The records:
——
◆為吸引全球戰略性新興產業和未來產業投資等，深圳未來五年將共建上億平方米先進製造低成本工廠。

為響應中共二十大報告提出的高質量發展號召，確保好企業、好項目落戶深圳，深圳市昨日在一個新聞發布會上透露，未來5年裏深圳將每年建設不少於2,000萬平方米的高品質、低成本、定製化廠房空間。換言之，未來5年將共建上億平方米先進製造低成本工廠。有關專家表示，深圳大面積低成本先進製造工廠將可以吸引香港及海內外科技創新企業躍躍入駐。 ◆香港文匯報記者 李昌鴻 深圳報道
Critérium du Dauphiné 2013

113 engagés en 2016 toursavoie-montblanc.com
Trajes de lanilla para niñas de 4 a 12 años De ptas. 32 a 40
——
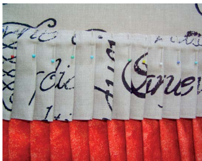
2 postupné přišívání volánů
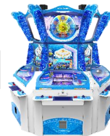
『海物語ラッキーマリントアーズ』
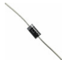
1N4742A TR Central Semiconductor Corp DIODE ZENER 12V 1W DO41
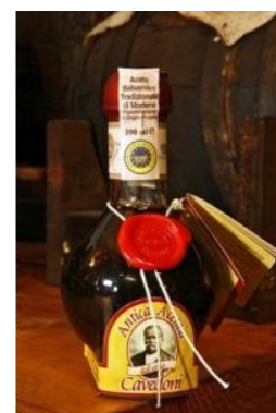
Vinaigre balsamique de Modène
——
Exercise description: From the records above, quote only the lines running from the line with "Critérium du Dauphiné 2013" to the line with "Trajes de lanilla", both lines included.

Exercise result:
Critérium du Dauphiné 2013

113 engagés en 2016 toursavoie-montblanc.com
Trajes de lanilla para niñas de 4 a 12 años De ptas. 32 a 40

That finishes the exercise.